Поперечный только рукой махнул, а виновник низких заработков бригады только подивился комбинаторским способностям жида. Это ж надо додуматься?! Не понравившегося шофёра наказал развалюхой, нелюбимому бригадиру нагадил включением этого шофёра, не вырабатывающего плана, в бригаду, сам – в стороне, а они клянут друг друга.

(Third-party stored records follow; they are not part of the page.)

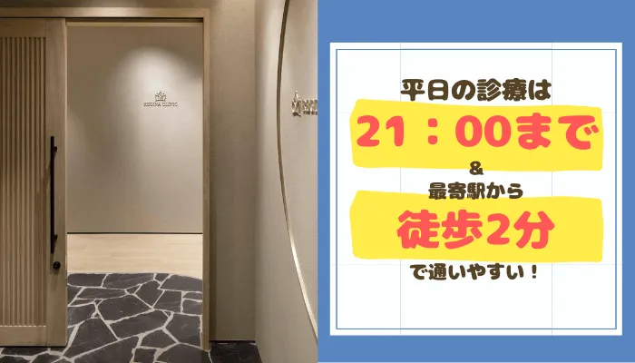 忙しくて中々通えるクリニックが見つからなかったという方も、21時まで診療、最寄駅から徒歩2分なら通いやすいですよね。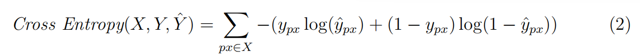 语义分割的任务是预测单个像素,无论它们是代表一个感兴趣的点,还是仅仅是背景的一部分。因此,这个问题最终简化为像素级二值分类问题 。因此,作为网络的损失函数,我们简单地取二进制交叉熵函数并将其最小化。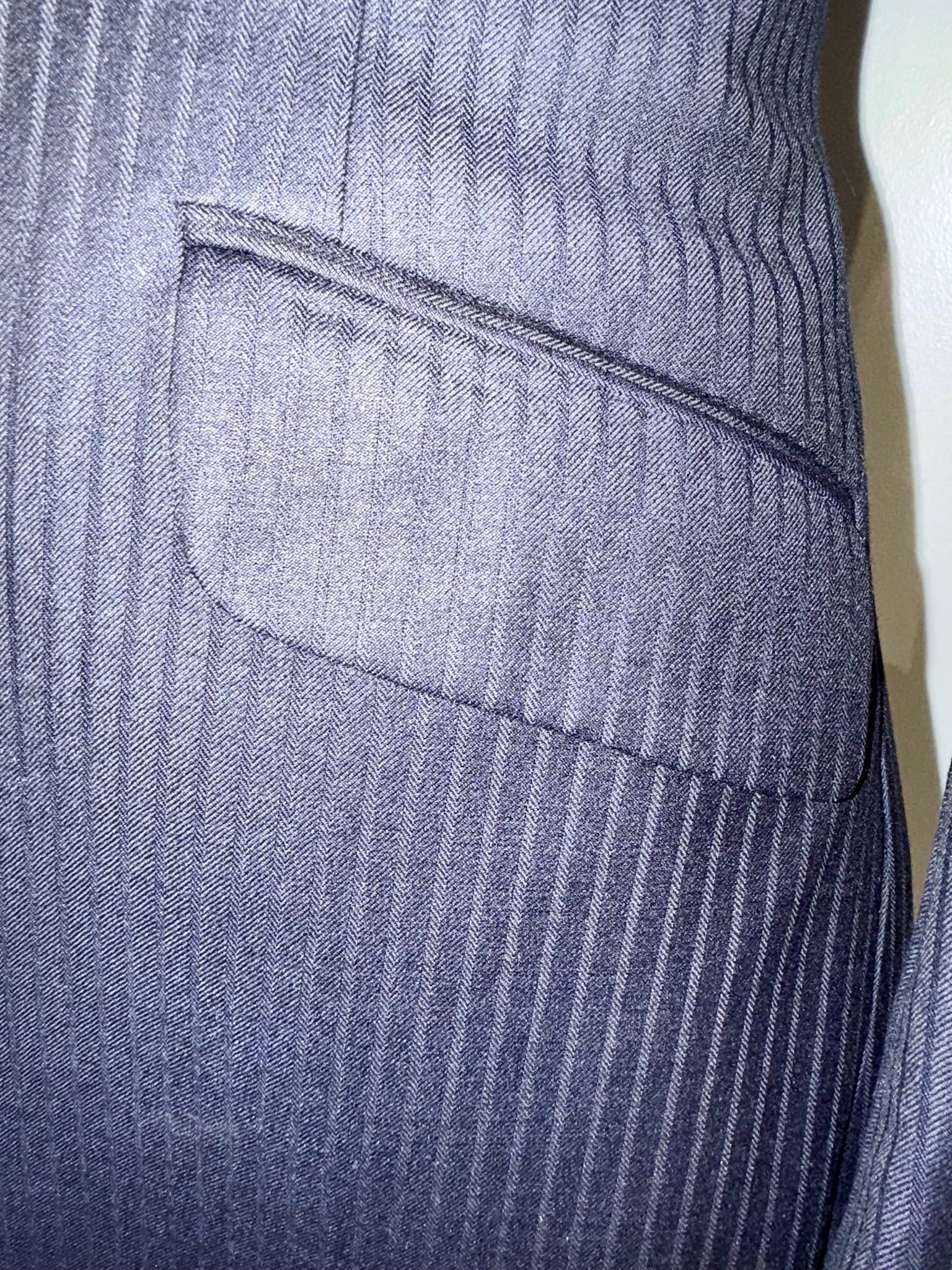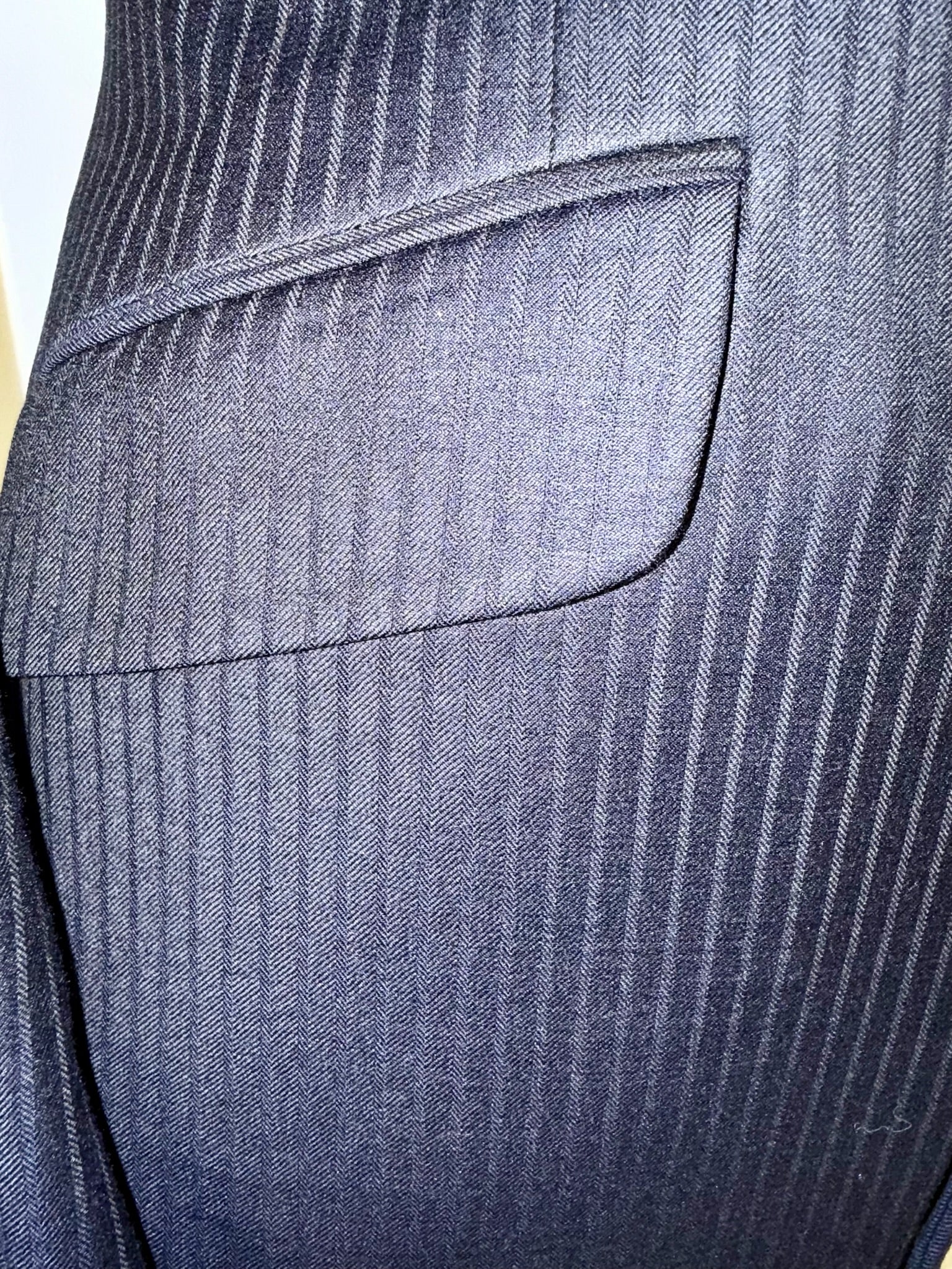 Consigned, excellent condition, dark navy with a small herringbone pattern, approximately fits a ladies size 2/girls 16.

- Со мной он разбираться не станет, - тяжело и обречённо вздохнул младший начальник. – Думает, что я до его места добираюсь. – «Вполне может быть! Хитёр Алексей Игнатович, хитрее, пожалуй, жида» - подумал Владимир. – А вот если ты после сегодняшнего, - он не стал уточнять, чего именно, обоим понятного, как не стал и говорить о том, что пришёл сейчас именно за этим, - попросишь об исправлении плана, сделает. Может, даже ещё и уменьшит. Всего-то и надо: пусть уберёт тебя из плана на время восстановления студика, а мы взамен всей кодлой навалимся и поднимем колымагу. Договорились? Ладно, ладно, - остановил он протестующий жест ставшего вдруг всемогущим подначального, - ты только намекни, он поймёт, и всем будет польза. Догово… молчу, молчу! Сейчас вызывает зачем-то, я пойду, а ты подумай, как всем нам помочь, - и он ушёл вслед за Подшипником.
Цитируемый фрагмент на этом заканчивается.